Programmatically prevent external script interactions with application?

Hi, I was wondering is it possible to programmatically prevent external script interactions with application?

Imagine a ‘Public’ script that is attached to a player in game.
Since the script is public and anyone can edit it, how can I prevent it to messing up other entities, app code etc and just allow if it affects a group of predefined entities?

Also, how well does PlayCanvas stand out in terms of Javascript injections etc? Is it hard to ‘Hack’ in to the app itself

A little update: Seems like console is just enough to hack in to the app, but the debug instanty throws an message so it is possible to detect it? How?
Anyways, once the game is raedy I’ll have to do some server-side logic and scripting to prevent bad stuff happening with multiplayer game, any advices?

Hi @Newbie_Coder,

All JavaScript executes in the client, that is your player’s device. Meaning he can at any point have access and mess with your code. There are some strategies to make that harder by minifying and obfuscating your code but that can’t prevent 100% determined users. It will just slow them down.

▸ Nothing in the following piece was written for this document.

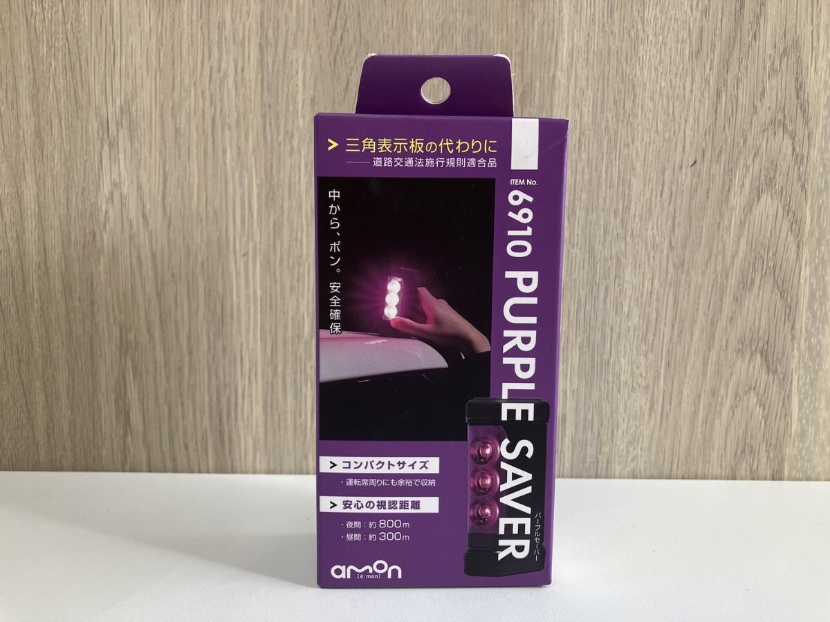- 【未使用品】amon エーモン 6910 パープルセーバー 三角表示板 停止表示灯 電池式 箱付き

When it comes to multiplayer, even native non JS games suffer from cheating and exploiting. The solution is always the same:

Don’t trust the client.

Run all of your game sensitive code in the server and verify all game rules server side. There is a lot of literature online, try doing some searches for multiplayer and anti cheating.

1 Like

You can obfuscate the published game scripts with something like that can make it difficult to inject and use devtools but as Leonidas said, never trust the client. People can also modify network packets relatively easily.

1 Like

Great tips!
But what if I can’t do some very important logic on server side? Calculating near entities models and its mesh instances for example, which is crucial for the next steps

You are going to have to by having that data on the server side.